Le cas de Jaffa est exemplaire. Les Arabes de cette ville, qui fait aujourd'hui partie de Tel-Aviv, ont violemment manifesté au lendemain de la tuerie de Hébron, et s'en sont pris aux passants et aux magasins d'une artère centrale. L'Intifadah déborderait-elle, pour englober les Arabes citoyens d'Israël ? On a vu des scènes semblables en Galilée et même dans les localités bédouines du Néguev, avec jets de pierres et drapeaux palestiniens.

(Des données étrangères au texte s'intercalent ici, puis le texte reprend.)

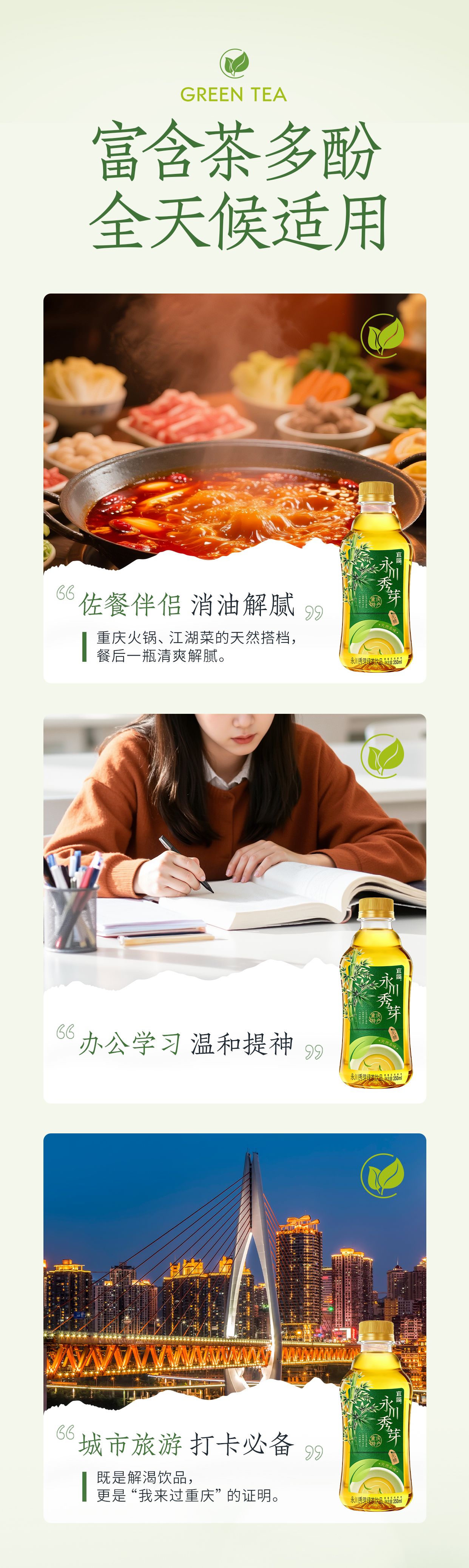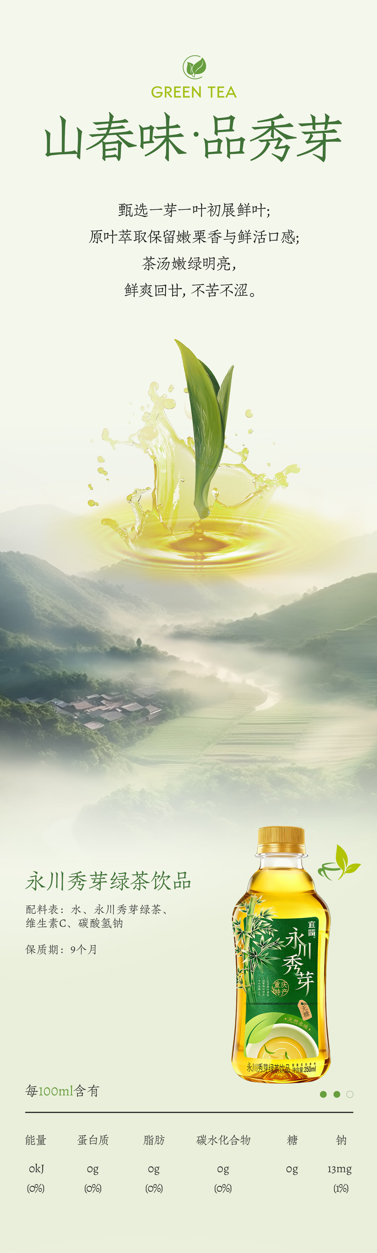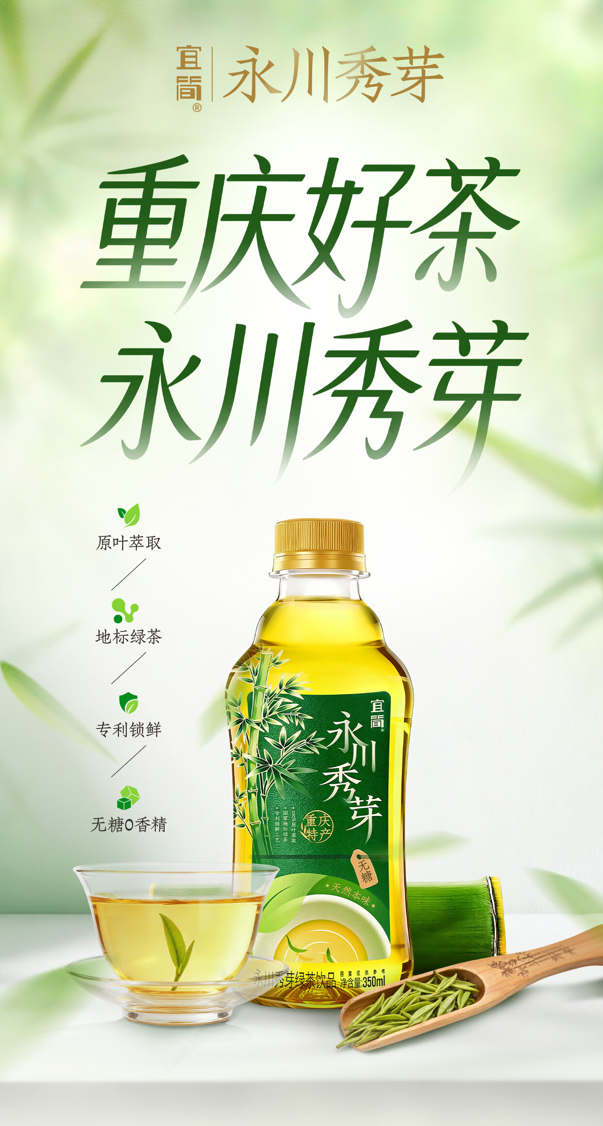 宜简永川秀芽原叶萃取无糖绿茶饮品350ml*12瓶 整箱装

Cela donne curieusement raison au slogan, adopté depuis peu par le Conseil juif des territoires, à l'intention des habitants de la plaine côtière: "La Judée-Samarie et Gaza, c'est ici". Le sens premier de ce slogan est que les problèmes de sécurité des telaviviens, sont indissolublement liés à ceux des habitants d'Ariel ou de Kedoumim. Or on découvre que la formule s'applique - ou risque de s'appliquer demain - aux Arabes israéliens, qui sont des Arabes palestiniens, qui sont nombreux (bientôt un million) et dont le combat ne fait peut-être que commencer. A cet égard, l'acte du meurtrier de Hébron aura servi de révélateur.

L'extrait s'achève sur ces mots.